Siddoway, J., concurs.

Prior convictions encompass the same criminal conduct if they “require the same criminal intent, are committed at the same time and place, and involve the same victim.” RCW 9.94A.589(l)(a); see RCW 9.94A.525(5)(a)(i). Whether offenses involve the same criminal intent depends on “the extent to which the criminal intent, as objectively viewed, changed from one crime to the next.” State v. Dunaway, 109 Wn.2d 207, 215, 743 P.2d 1237, 749 P.2d 160 (1987). This analysis considers “whether one crime furthered the other,” id., or the two were “part of a recognizable scheme or plan.” State v.
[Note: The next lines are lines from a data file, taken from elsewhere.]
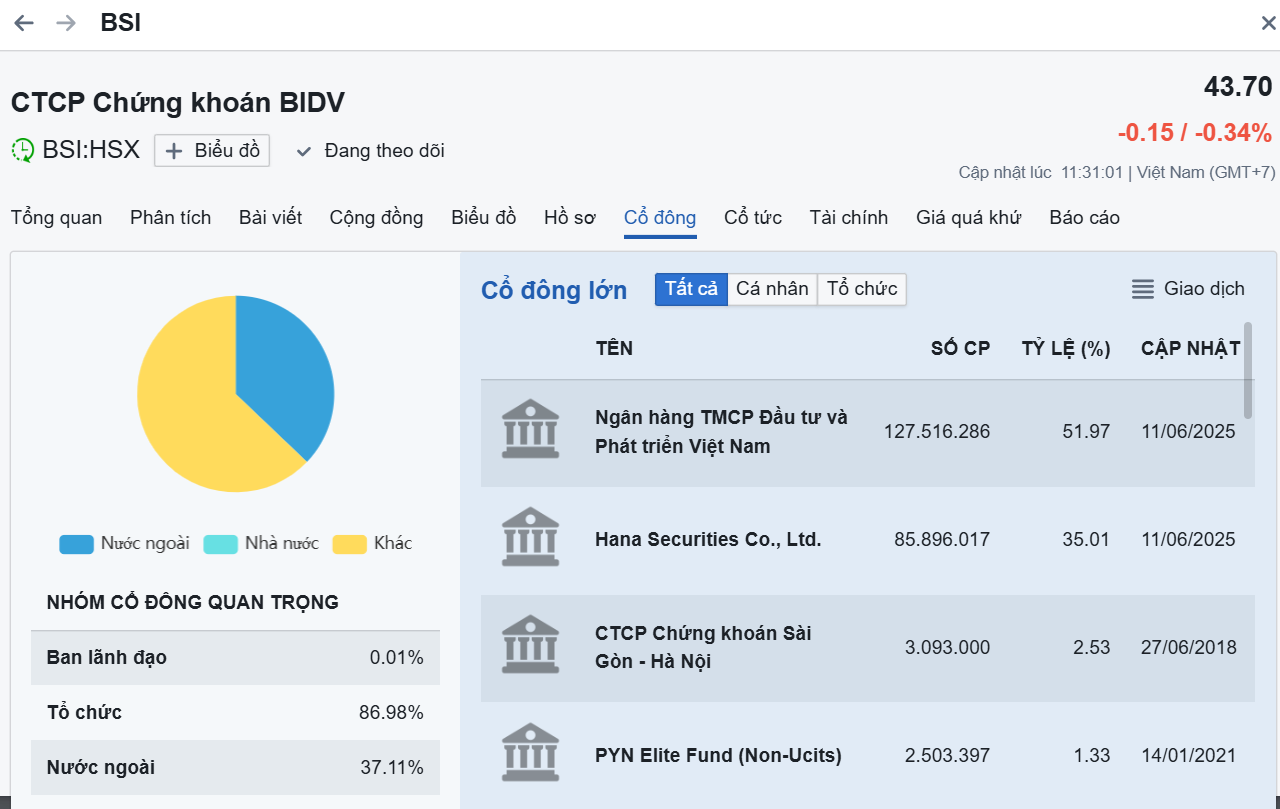 đội nào dùng tk ngoại đè nó 3 tháng liền mà, họ bán liên tục gần 10% tổng cổ phiếu lưu hành, trong khi không có cổ đông ngoại lớn nào đăng ký bán cả, ép vậy bà con đa số chạy mất hết rồi, ai cầm thì cũng ấm ức vì cả dòng tăng mạnh còn nó cứ lẹt đẹt, bsi có lẽ là cổ chứng khoán đau khổ nhất trong gần 3 tháng qua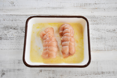 キッチンパーパーをかぶせ、調味液をなじませ、ピッタリとラップをして冷蔵庫で一晩(8~12時間)寝かせる。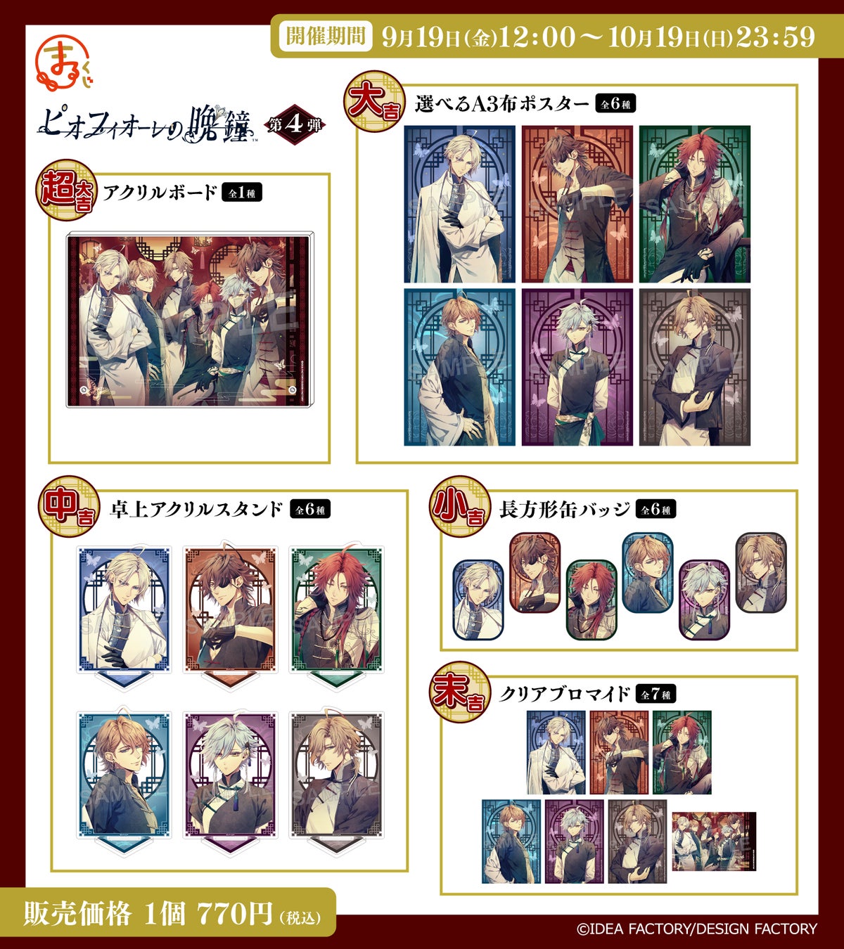 各賞の商品として、アクリルボード、選べるA3布ポスター、卓上アクリルスタンド、長方形缶バッジ、クリアブロマイドなど、この機会にしか手に入らないプレミアムアイテムをお見逃しなく!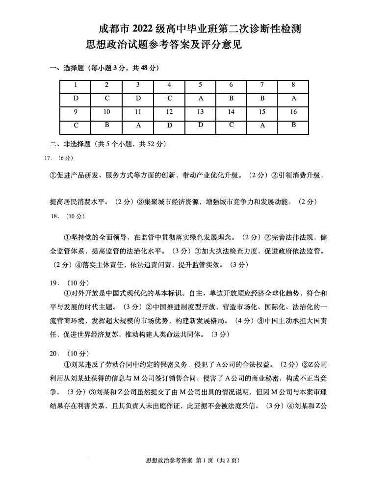成都市2022级高中毕业班第二次诊断性检测 政治答案.pdf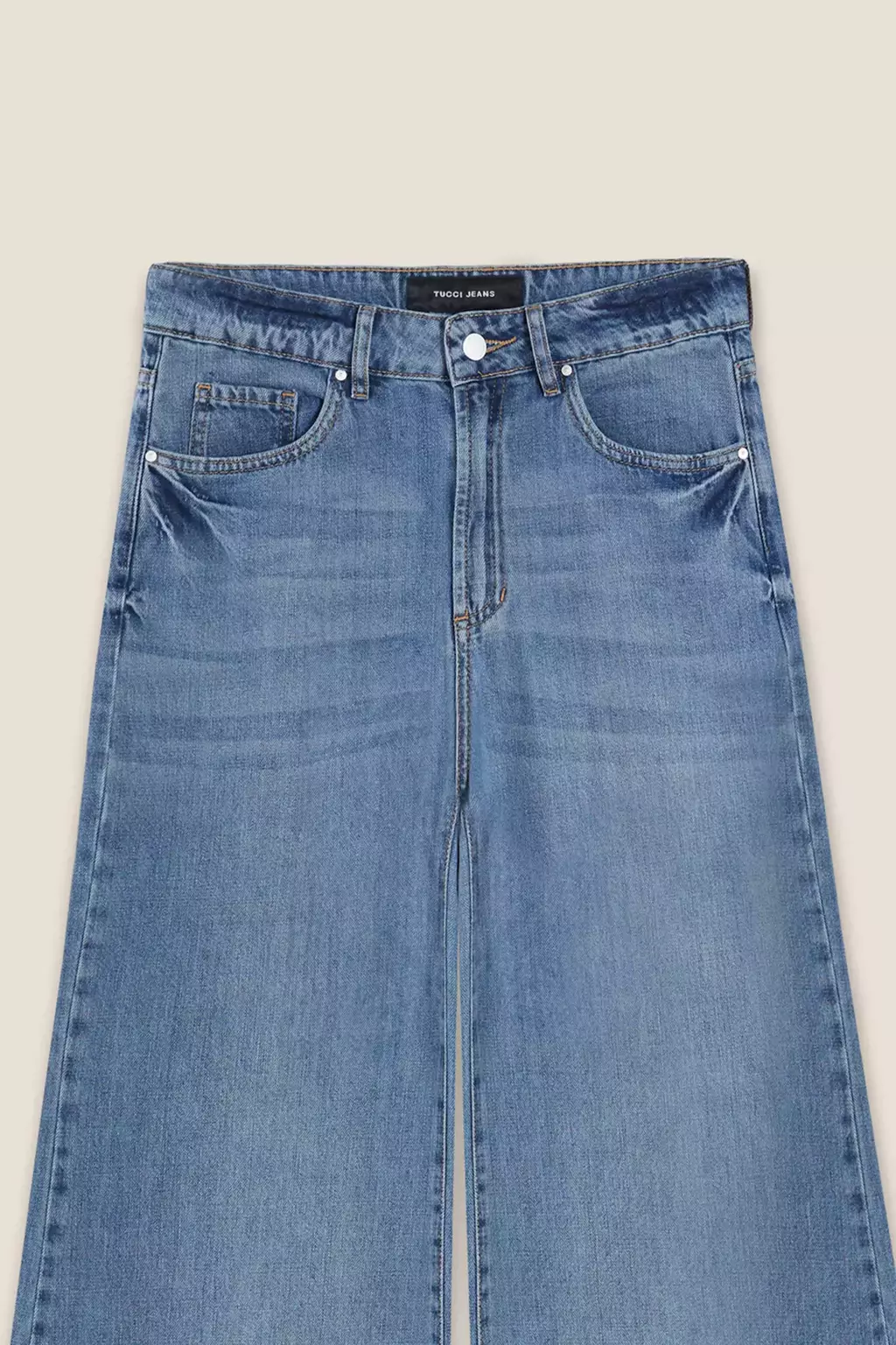 Pantalón de denim tiro medio fit wide leg. Tejido importado compuesto por hilatura de algodón fino premium. Lavado mid blue versatil para todos los días, iluminaciones y localizados delicados. Boton, remaches y chapita pulidos espejo exclusivos de la marca.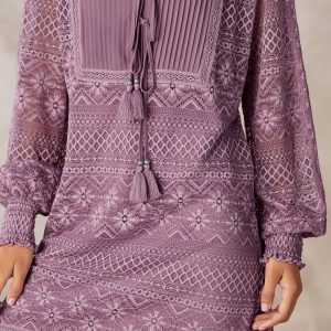 You’re a vision in our allover lace shift dress with chiffon pintuck detail. Flounce hem. tasseled neckline ties. smocked cuffs and full sleeves. Popover styling with separate slip. Nylon. Hand wash. Imported. Exclusive. Sizes XS (0-2). S (4-6). M (8-10). L (12-14). XL (16-18). XXL (20-22). Approx. 38.5l.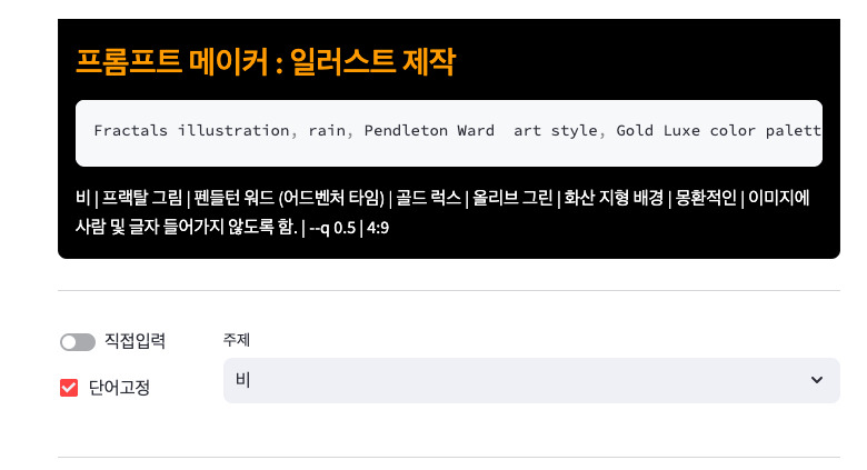 이런 프롬프트 생성의 기능을 한차원 높여서 랜덤으로 프롬프트를 생성하는 기능을 추가했습니다. 예를 들면, 주제 메뉴에서 "비"라는 아이템을 선택해서 고정시키고,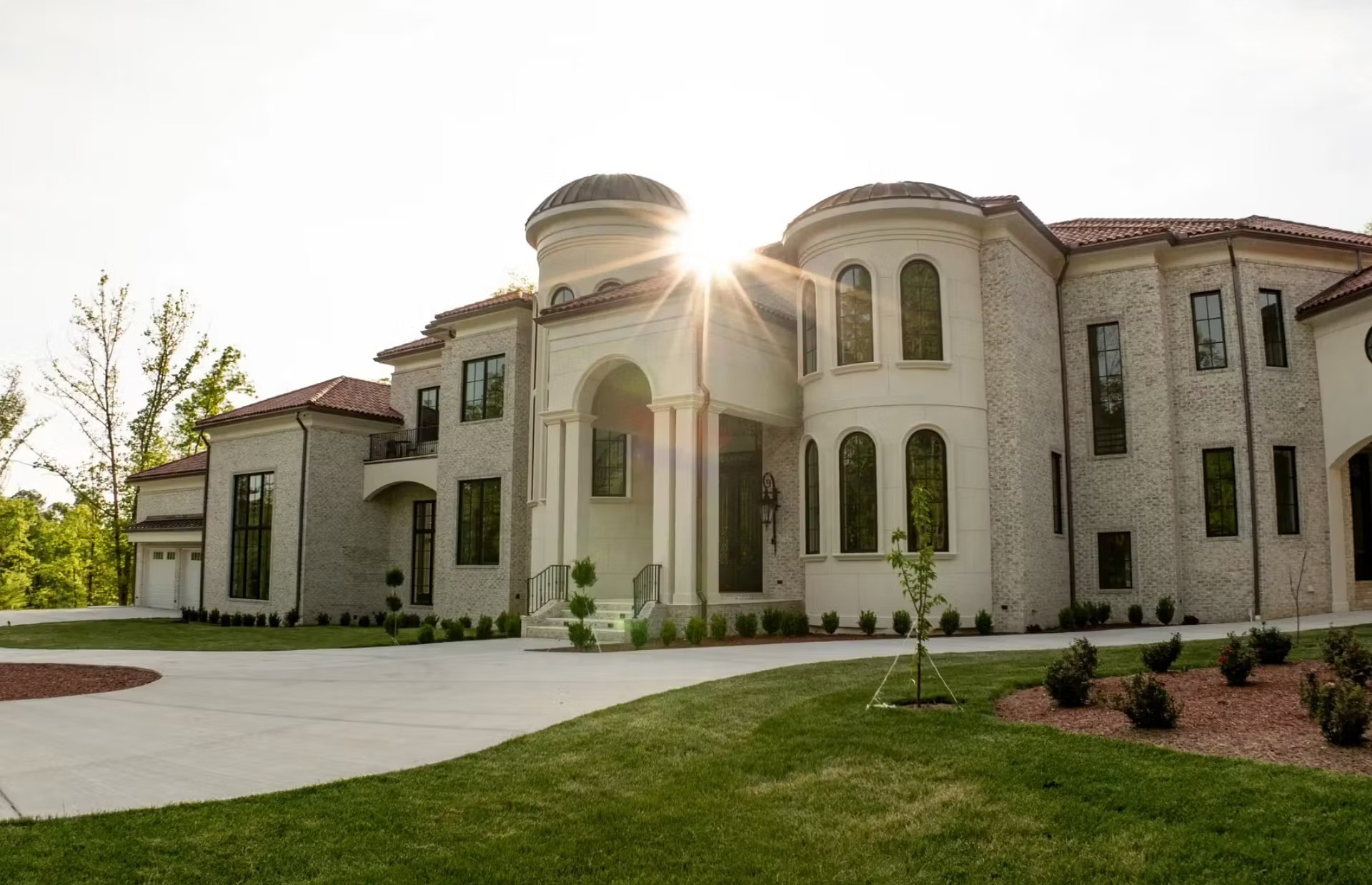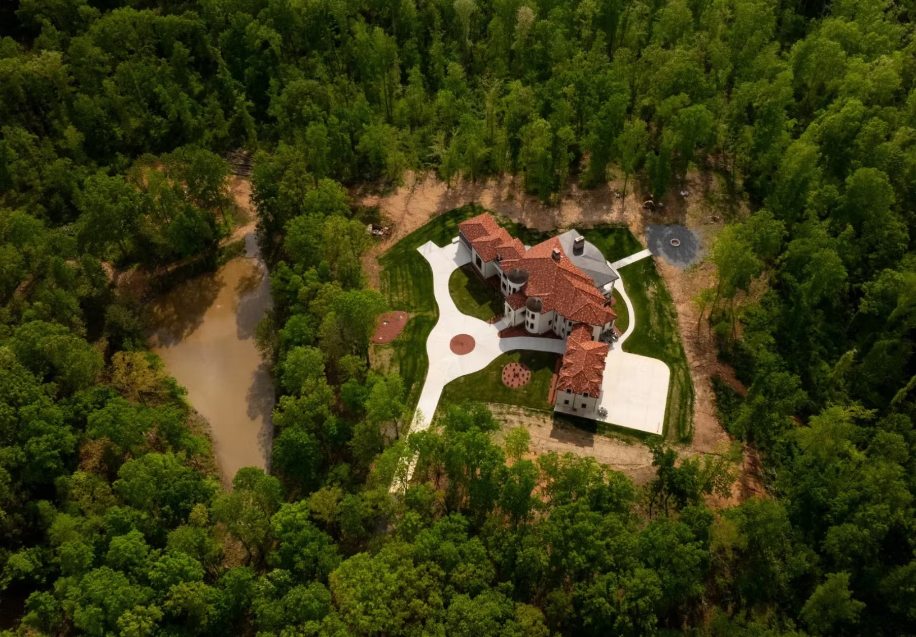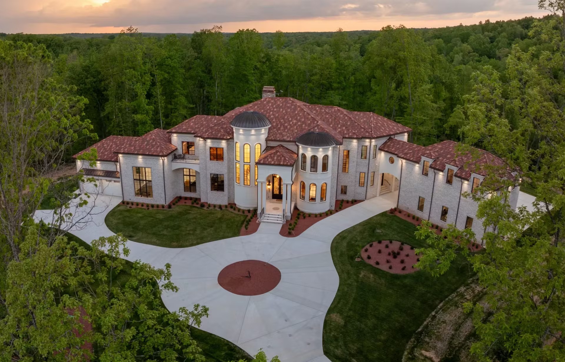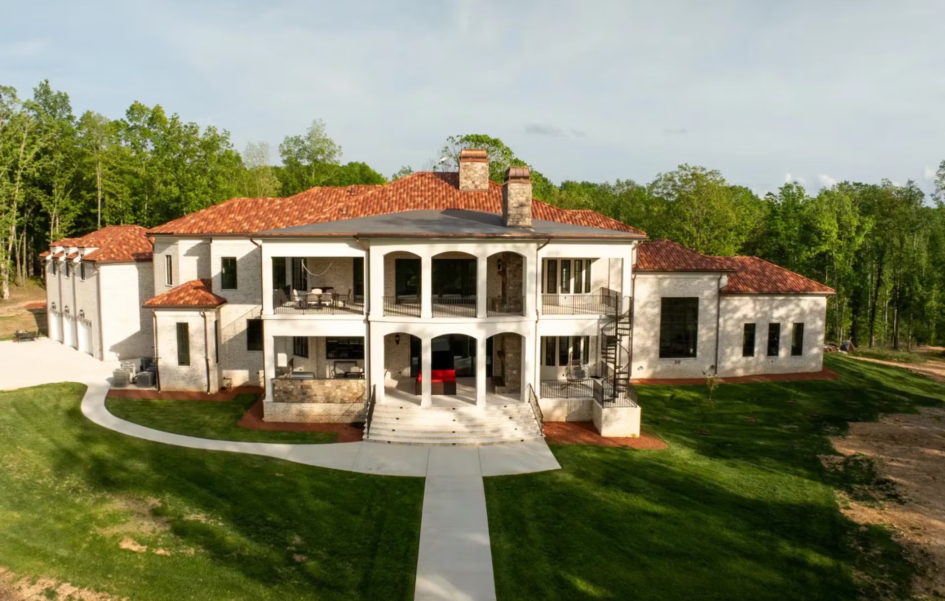 This newly built Mediterranean style home is located at 7948 Daugherty Capley Road in Primm Springs, Tennessee and is situated on 35 acres of land.

Lewis, 115 Wn.2d 294, 302, 797 P.2d 1141 (1990). If any of these statutory elements are missing, the trial court must count the offenses separately in calculating an offender score. State v. Lessley, 118 Wn.2d 773, 778, 827 P.2d 996 (1992).

In arguing to the current sentencing court, the parties noted the 2004 sentencing court did not check the same criminal conduct box on Mr. Williams’s judgment and sentence but imposed concurrent imprisonment terms totaling 78 months.

Relying on the State’s arguments, the current sentencing court apparently believed the burglary antimerger statute required it to count Mr. Williams’s 2004 convictions separately. To the extent the court viewed applying the statute as mandatory, it erred.

Our Supreme Court declined to reach this issue in In re Personal Restraint of Connick, 144 Wn.2d 442, 464, 28 P.3d 729 (2001).